International Conference on Formal Concept Analysis 

About: International Conference on Formal Concept Analysis is an academic conference. The conference publishes majorly in the area(s): Formal concept analysis & Lattice Miner. Over the lifetime, 361 publications have been published by the conference receiving 7523 citations.

Restructuring lattice theory: an approach based on hierarchies of concepts

Abstract: Lattice theory today reflects the general Status of current mathematics: there is a rich production of theoretical concepts, results, and developments, many of which are reached by elaborate mental gymnastics; on the other hand, the connections of the theory to its surroundings are getting weaker and weaker, with the result that the theory and even many of its parts become more isolated. Restructuring lattice theory is an attempt to reinvigorate connections with our general culture by interpreting the theory as concretely as possible, and in this way to promote better communication between lattice theorists and potential users of lattice theory.

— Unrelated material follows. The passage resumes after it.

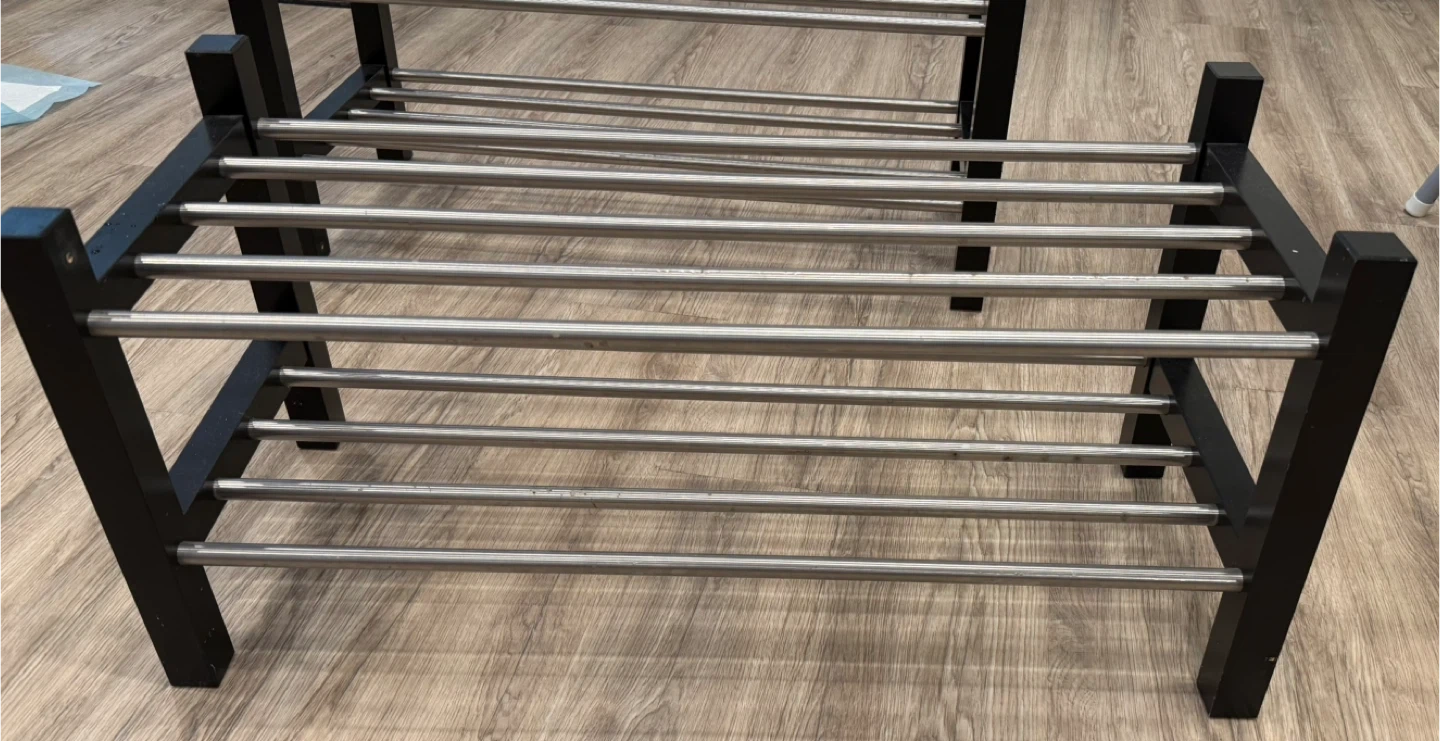 Selling a shoe rack with a black frame and silver bars. It's in great shape and ready to organize your footwear! $20 each

Two basic algorithms in concept analysis

Abstract: We describe two algorithms for closure systems. The purpose of the first is to produce all closed sets of a given closure operator. The second constructs a minimal family of implications for the ”logic” of a closure system. These algorithms then are applied to problems in concept analysis: Determining all concepts of a given context and describing the dependencies between attributes. The problem of finding all concepts is equivalent, e.g., to finding all maximal complete bipartite subgraphs of a bipartite graph.

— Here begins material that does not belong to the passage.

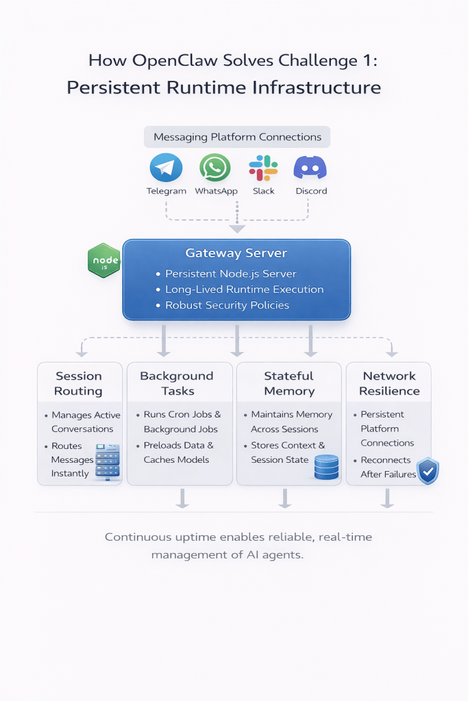 - OpenClaw runs as a persistent Node.js gateway server that stays alive continuously.

Formal Concept Analysis for Knowledge Discovery and Data Mining: The New Challenges

Abstract: Data mining (DM) is the extraction of regularities from raw data, which are further transformed within the wider process of knowledge discovery in databases (KDD) into non-trivial facts intended to support decision making. Formal concept analysis (FCA) offers an appropriate framework for KDD, whereby our focus here is on its potential for DM support. A variety of mining methods powered by FCA have been published and the figures grow steadily, especially in the association rule mining (ARM) field. However, an analysis of current ARM practices suggests the impact of FCA has not reached its limits, i.e., appropriate FCA-based techniques could successfully apply in a larger set of situations. As a first step in the projected FCA expansion, we discuss the existing ARM methods, provide a set of guidelines for the design of novel ones, and list some open algorithmic issues on the FCA side. As an illustration, we propose two on-line methods computing the minimal generators of a closure system.

The assessment of knowledge, in theory and in practice

Abstract: Adaptations from a book and many scholarly articles are presented. It reviews the main ideas of a novel theory for the assessment of a student's knowledge in a topic and gives details on a practical implementation in the form of a software system available on the Internet. The basic concept of the theory is the 'knowledge state,' which is the complete set of problems that an individual is capable of solving in a particular topic, such as elementary algebra. The task of the assessor consists in uncovering the particular state of the student being assessed. Even though the number of knowledge states for a topic may exceed several hundred thousand, these large numbers are well within the capacity of current home or school computers. The result of an assessment consists in two short lists of problems, which may be labelled: 'what the student can do' and 'what the student is ready to learn'. In the most important applications of the theory, these two lists specify the exact knowledge state of the individual being assessed.

AddIntent: A New Incremental Algorithm for Constructing Concept Lattices

Abstract: An incremental concept lattice construction algorithm, called AddIntent, is proposed. In experimental comparison, AddIntent outperformed a selection of other published algorithms for most types of contexts and was close to the most efficient algorithm in other cases. The current best estimate for the algorithm’s upper bound complexity to construct a concept lattice L whose context has a set of objects G, each of which possesses at most max(|g′|) attributes, is O(|L||G|2 max(|g′|)).